I asked Stephanie Kostro, the executive vice president of the Professional Services Council, about this. She said the contractor community wasn’t surprised that the Biden White House would take this approach to protecting workers. But she said the business community wasn’t consulted ahead of time, either. So there’s the question of whether formal rule-making is required before the contract language can actually come into force.
With respect to the Biden EO, I think a more flexible approach is in order if you want to protect “workers.” It cites a 1965 law that has long required companies doing work for the government to pay certain minimal levels of salary and benefits. But the EO makes no distinction between a services contractor that mows the proverbial agency lawn, and the contractor developing a digital services platform on which a vast program depends.
Let’s say Melissa’s Mowing underbids incumbent Larry’s Lawns to win the contract to keep the Farklempt Federal Building looking spiffy. You could argue that the crews doing the mowing and trimming are interchangeable. What if Melissa wound up a contract elsewhere but is savvy enough to have won away the new contract. Should she have to fire her existing employees to make room for Larry’s people on the federal job?

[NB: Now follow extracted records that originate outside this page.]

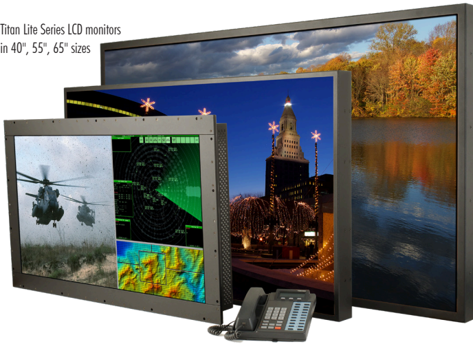
Titan Lite Series LCD monitors in 40", 55", 65" sizes

The TITAN LITE RACKMOUNT SERIES of LCD monitors satisfies the increased demands for information density: the need to include more graphical and contextual information in a given viewing space. These large size, wide format monitors are the perfect supplement to the conventional sizes offered in General Digital's venerable LCD product lineup.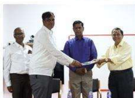
Receiving book copy by CEO Saithanya group of institutions Madurai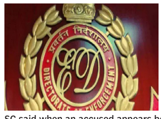
SC said when an accused appears before a court, the agency will have to apply to the court concerned to get his custody

The twin conditions state that when an accused in a money laundering case applies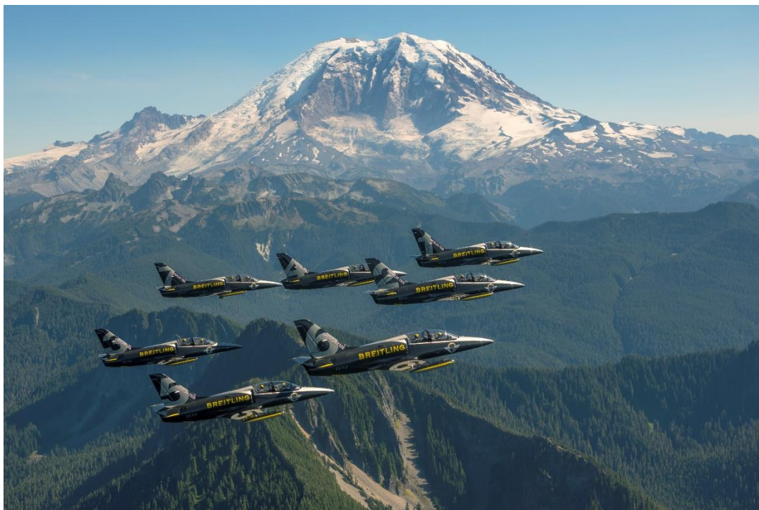
Breitling Jet Team flies over Mt. Rainier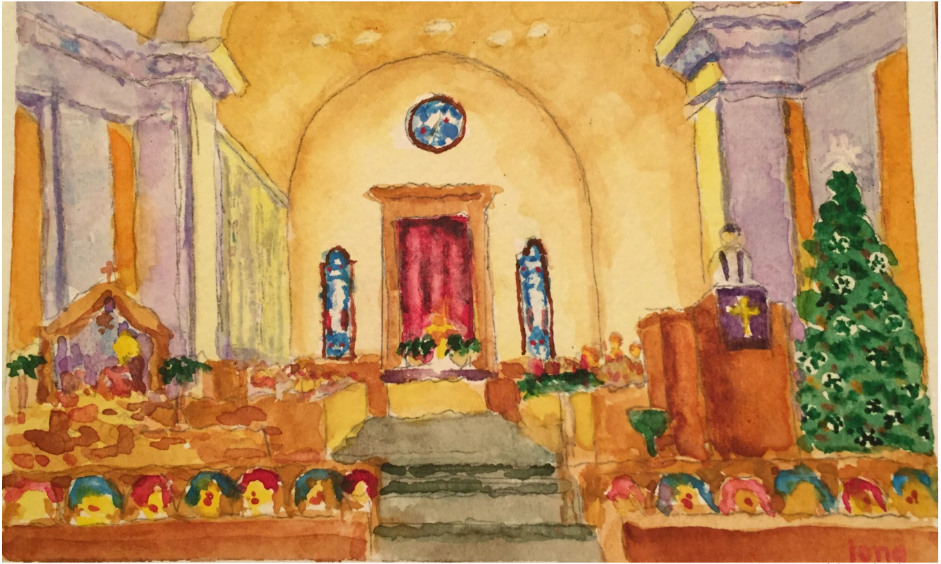
Artwork by Richard Long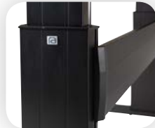
Optional cross support available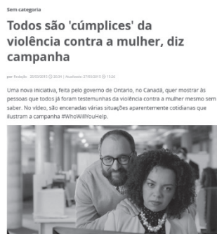
Figure 2 – Campaign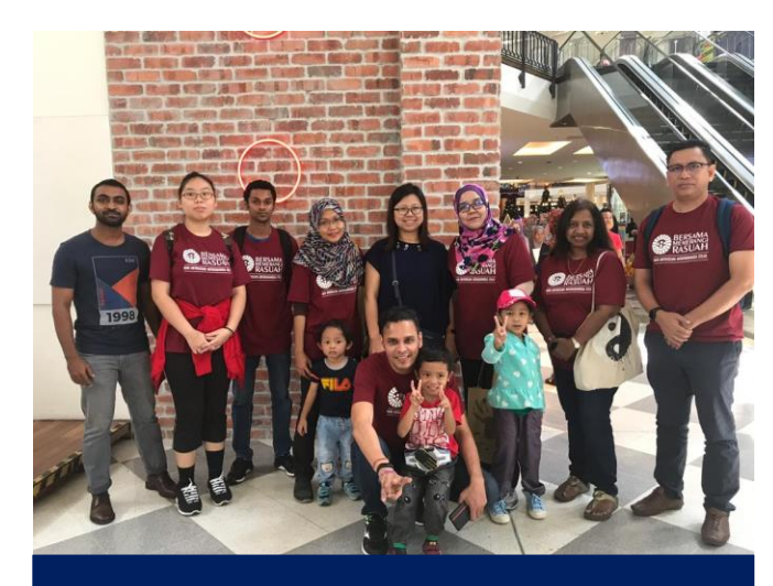
TI-M members with the volunteers at Alamanda Putrajaya after conducting street poll

For work higher on the skills hierarchy — at the professional services level, say — the rule makes less sense. Companies bid with their talent. They win because the government source selectors thought the new company had the wherewithal to do a better job, or at least as good a job for less. Or maybe it was unhappy with the performance of the incumbent. Why would an agency switch to a new company, only to have the people it chose not to work with show up again?
A few other questions:
As I mentioned at the outset, as a practical matter many employees actually do switch companies when a new contract holder comes in. By the same token, key people onto which the government has glommed regularly leave for greener pastures — maybe to help the next incumbent. Maybe the EO imposes too rigid a construct on a highly fluid contractor labor market that is inherently efficient in a way beneficial to the government in the first place.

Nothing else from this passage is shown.